● **INSTRUCTIONS FOR THE TASK**
The answer must be every line below that holds the word "ташкилотлар".

++++ DATA IN THIS EXERCISE ++++

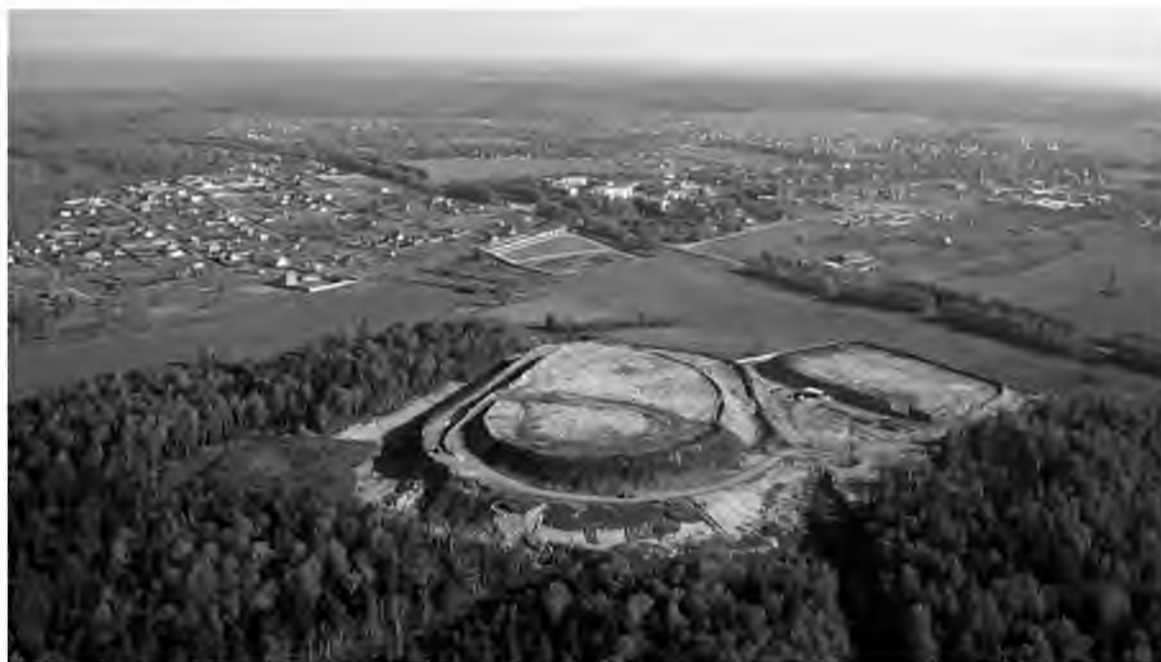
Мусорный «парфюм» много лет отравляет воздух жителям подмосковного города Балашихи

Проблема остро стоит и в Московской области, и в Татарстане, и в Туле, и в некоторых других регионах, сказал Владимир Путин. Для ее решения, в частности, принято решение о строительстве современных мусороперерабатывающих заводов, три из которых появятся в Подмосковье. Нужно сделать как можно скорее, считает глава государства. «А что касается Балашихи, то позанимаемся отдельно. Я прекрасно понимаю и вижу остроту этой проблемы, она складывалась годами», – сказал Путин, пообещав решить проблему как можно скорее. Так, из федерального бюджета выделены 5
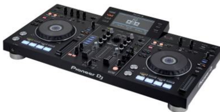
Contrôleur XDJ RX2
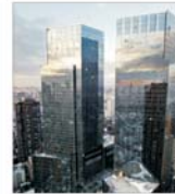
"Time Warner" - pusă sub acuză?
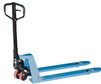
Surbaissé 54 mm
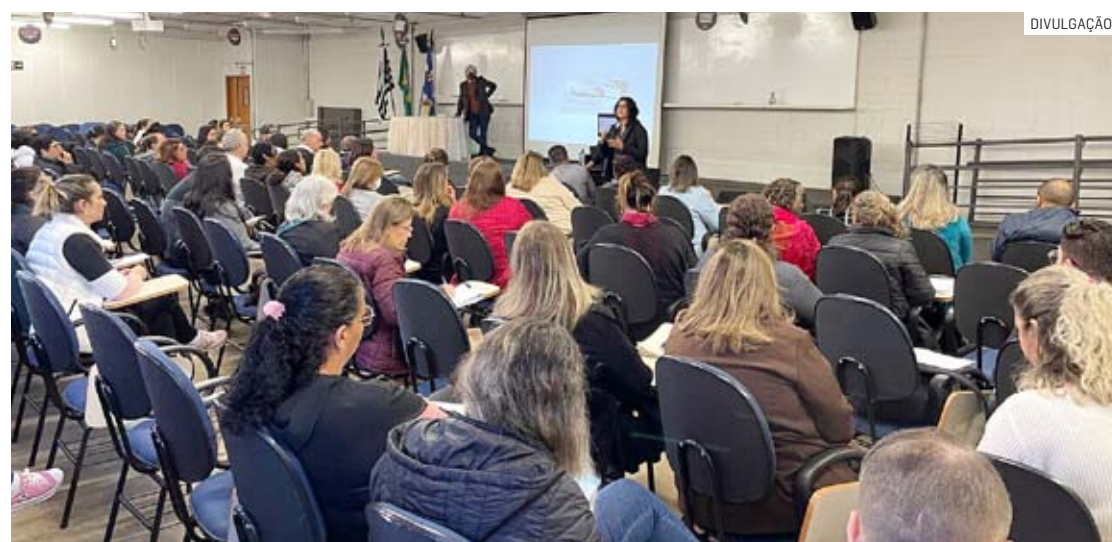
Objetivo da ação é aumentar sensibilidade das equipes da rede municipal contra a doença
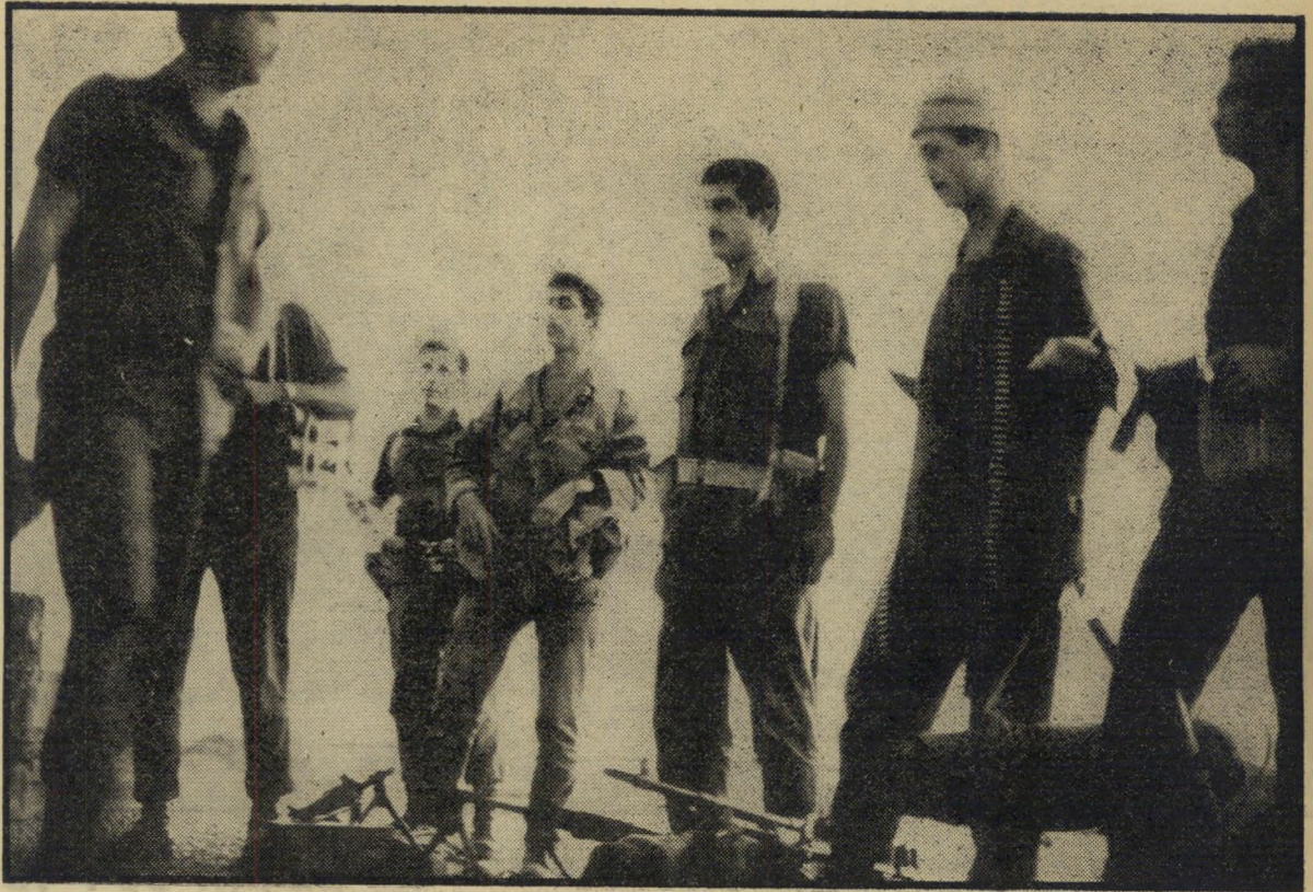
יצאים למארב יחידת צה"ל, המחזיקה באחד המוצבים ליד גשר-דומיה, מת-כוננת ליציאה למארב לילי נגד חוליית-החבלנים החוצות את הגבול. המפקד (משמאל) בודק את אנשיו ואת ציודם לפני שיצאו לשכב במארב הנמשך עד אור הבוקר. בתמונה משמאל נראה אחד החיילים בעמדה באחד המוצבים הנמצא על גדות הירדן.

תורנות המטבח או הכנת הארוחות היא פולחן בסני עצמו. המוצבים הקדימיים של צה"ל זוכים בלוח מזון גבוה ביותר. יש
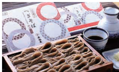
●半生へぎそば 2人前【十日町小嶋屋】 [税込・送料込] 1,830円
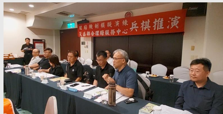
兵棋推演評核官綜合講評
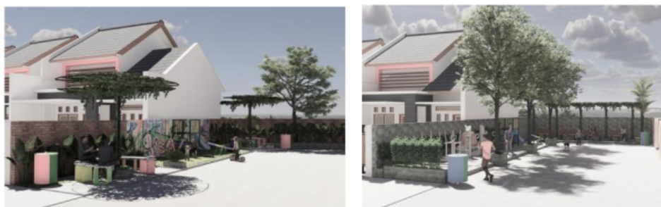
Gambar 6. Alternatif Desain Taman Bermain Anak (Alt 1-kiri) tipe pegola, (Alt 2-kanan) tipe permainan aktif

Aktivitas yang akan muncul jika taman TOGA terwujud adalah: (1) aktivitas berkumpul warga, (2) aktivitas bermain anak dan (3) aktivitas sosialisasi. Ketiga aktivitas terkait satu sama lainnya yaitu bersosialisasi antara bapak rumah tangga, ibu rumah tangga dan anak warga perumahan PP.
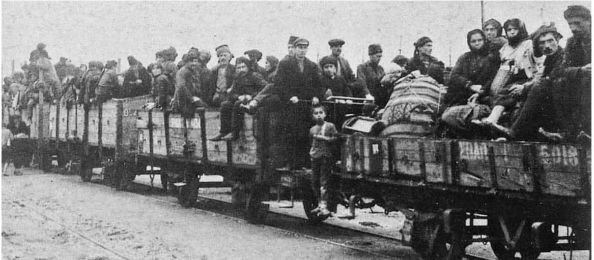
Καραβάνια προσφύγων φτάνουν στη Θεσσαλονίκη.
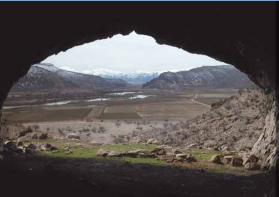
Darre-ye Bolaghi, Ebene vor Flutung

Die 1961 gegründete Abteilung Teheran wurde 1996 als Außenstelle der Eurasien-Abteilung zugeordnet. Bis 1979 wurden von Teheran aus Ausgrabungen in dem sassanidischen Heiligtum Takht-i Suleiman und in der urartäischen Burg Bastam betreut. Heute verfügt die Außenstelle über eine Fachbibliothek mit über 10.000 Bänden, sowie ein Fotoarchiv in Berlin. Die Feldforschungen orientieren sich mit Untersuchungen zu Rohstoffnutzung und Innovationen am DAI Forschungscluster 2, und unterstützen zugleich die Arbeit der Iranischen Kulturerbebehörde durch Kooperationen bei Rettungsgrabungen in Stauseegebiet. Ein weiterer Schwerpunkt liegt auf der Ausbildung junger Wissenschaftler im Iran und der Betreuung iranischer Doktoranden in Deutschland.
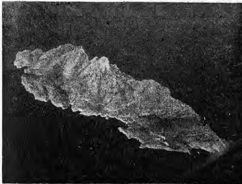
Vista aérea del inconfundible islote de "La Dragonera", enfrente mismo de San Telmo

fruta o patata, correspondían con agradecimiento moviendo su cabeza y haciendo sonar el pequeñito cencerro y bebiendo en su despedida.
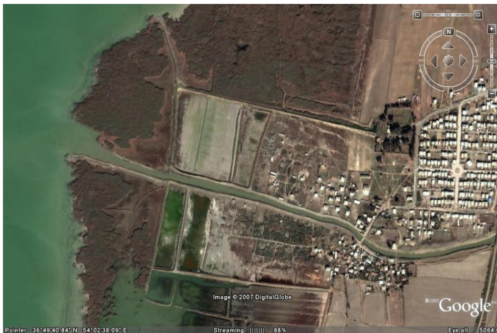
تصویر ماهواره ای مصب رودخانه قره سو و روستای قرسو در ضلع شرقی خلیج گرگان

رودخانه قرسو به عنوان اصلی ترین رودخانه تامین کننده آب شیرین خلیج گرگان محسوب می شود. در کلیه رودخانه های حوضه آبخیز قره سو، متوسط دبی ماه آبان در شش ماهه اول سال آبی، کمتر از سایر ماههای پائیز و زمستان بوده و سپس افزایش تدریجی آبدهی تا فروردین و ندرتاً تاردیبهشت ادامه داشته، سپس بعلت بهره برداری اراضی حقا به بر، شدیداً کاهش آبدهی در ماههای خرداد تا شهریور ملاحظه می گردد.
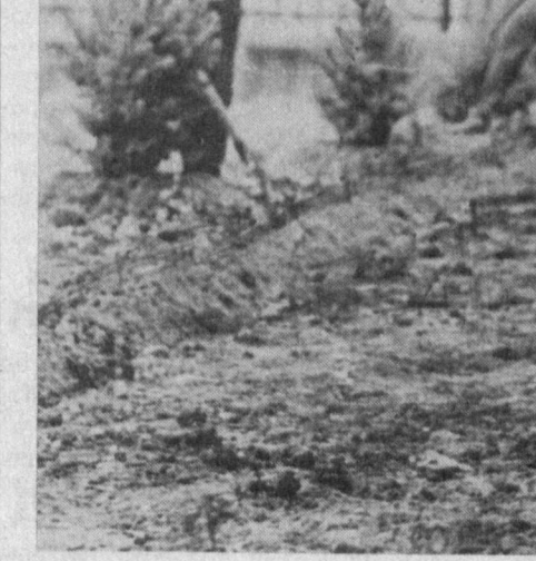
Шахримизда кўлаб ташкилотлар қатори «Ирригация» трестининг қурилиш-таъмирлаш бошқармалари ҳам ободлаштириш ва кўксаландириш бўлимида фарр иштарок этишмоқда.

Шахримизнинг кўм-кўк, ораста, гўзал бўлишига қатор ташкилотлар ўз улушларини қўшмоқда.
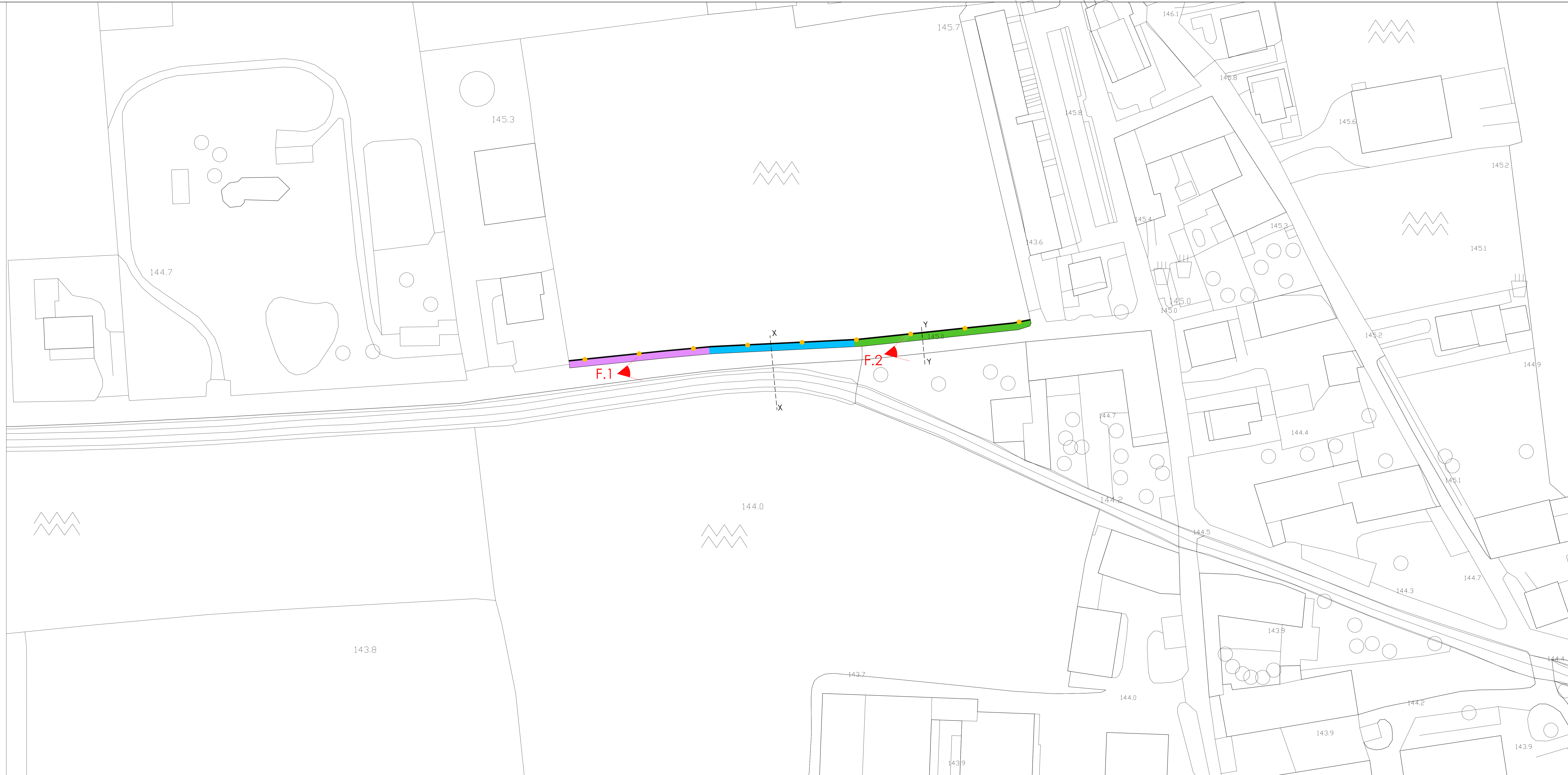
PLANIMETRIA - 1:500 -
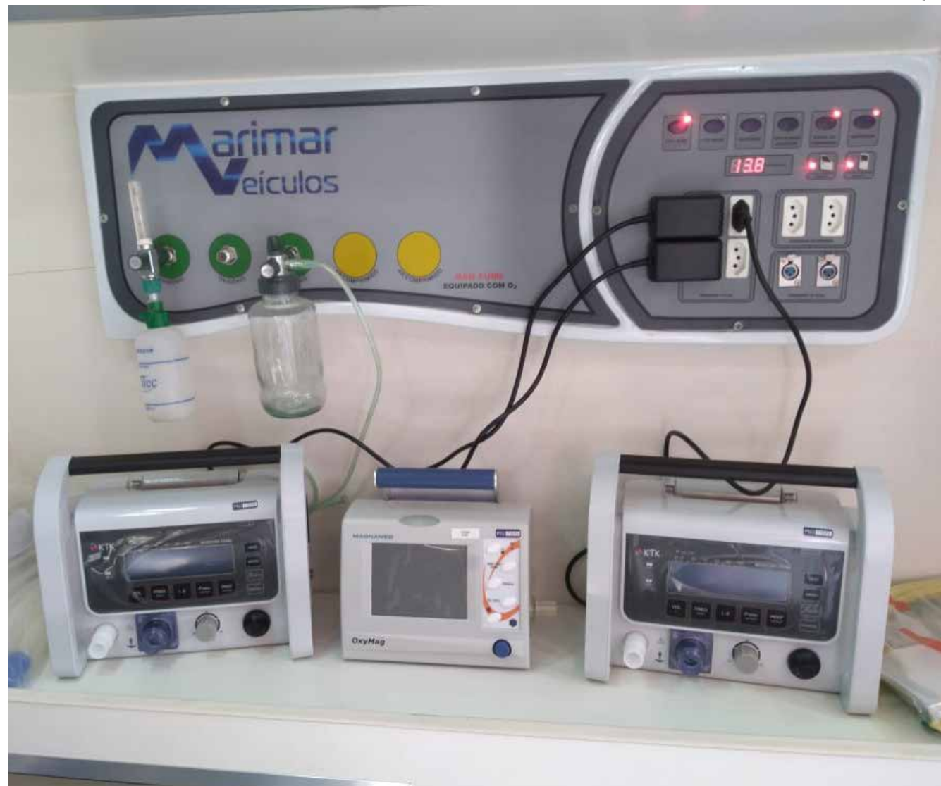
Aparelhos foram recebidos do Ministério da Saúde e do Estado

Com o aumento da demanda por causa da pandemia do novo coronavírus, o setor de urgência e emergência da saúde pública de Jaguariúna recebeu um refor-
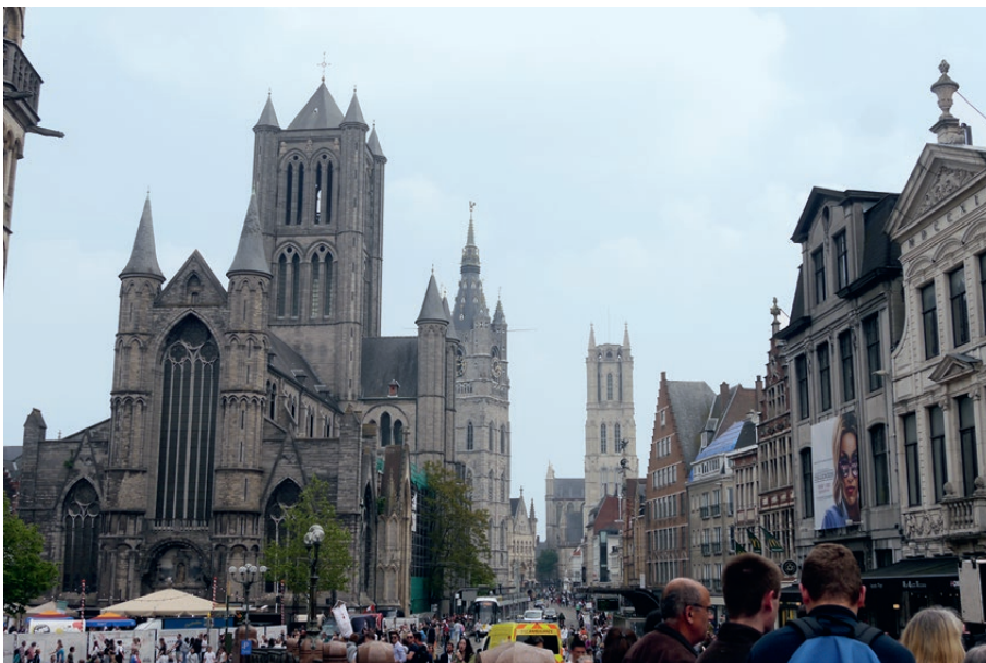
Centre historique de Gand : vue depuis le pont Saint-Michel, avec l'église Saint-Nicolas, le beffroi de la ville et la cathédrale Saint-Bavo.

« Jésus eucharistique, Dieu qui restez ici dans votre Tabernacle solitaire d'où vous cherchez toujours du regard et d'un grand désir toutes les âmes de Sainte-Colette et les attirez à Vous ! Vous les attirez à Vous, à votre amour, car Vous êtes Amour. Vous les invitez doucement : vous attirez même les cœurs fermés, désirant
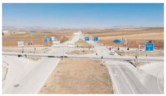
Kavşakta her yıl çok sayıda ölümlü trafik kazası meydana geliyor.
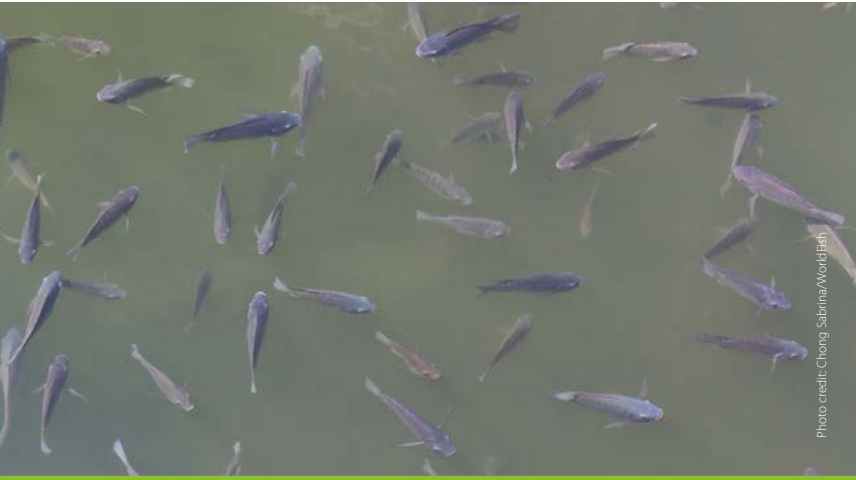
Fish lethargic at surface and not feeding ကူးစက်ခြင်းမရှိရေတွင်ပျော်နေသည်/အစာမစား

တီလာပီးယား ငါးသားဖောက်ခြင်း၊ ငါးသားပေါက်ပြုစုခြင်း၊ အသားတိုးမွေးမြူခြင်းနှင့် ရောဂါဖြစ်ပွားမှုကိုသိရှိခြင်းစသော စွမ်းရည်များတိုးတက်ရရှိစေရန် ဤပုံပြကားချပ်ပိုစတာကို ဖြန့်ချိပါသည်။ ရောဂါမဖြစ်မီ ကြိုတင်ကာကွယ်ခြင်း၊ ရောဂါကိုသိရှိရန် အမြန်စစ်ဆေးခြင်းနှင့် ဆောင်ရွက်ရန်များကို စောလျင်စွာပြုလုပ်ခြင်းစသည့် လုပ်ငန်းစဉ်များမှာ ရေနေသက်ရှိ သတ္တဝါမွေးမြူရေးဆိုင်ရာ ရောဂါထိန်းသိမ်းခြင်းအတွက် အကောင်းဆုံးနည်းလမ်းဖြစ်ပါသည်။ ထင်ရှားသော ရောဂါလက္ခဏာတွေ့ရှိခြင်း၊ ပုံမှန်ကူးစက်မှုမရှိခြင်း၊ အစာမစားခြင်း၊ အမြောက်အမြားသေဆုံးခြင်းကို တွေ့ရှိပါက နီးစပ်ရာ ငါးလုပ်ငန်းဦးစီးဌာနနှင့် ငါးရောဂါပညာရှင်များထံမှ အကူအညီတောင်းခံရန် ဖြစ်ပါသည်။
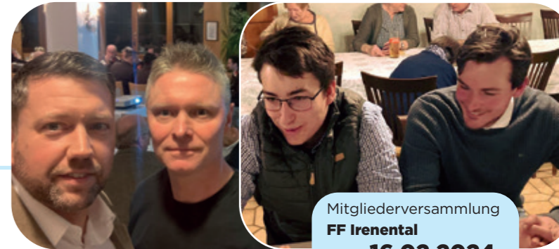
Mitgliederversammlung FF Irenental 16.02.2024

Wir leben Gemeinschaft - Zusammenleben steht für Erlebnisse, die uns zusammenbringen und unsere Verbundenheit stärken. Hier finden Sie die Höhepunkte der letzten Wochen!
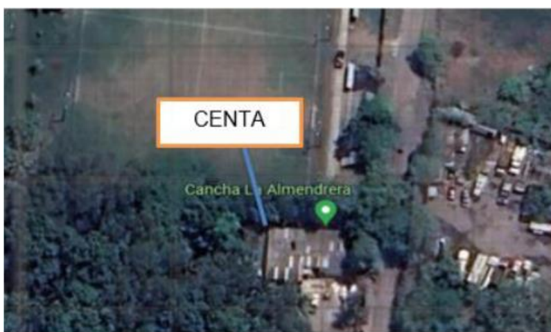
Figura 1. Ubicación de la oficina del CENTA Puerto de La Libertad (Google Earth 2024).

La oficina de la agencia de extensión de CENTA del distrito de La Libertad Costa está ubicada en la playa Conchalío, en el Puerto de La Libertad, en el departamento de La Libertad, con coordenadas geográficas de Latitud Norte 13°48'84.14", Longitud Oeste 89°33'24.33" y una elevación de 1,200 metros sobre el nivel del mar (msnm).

++++

● **TASK OUTPUT**
Шахримизда кўлаб ташкилотлар қатори «Ирригация» трестининг қурилиш-таъмирлаш бошқармалари ҳам ободлаштириш ва кўксаландириш бўлимида фарр иштарок этишмоқда.
Шахримизнинг кўм-кўк, ораста, гўзал бўлишига қатор ташкилотлар ўз улушларини қўшмоқда.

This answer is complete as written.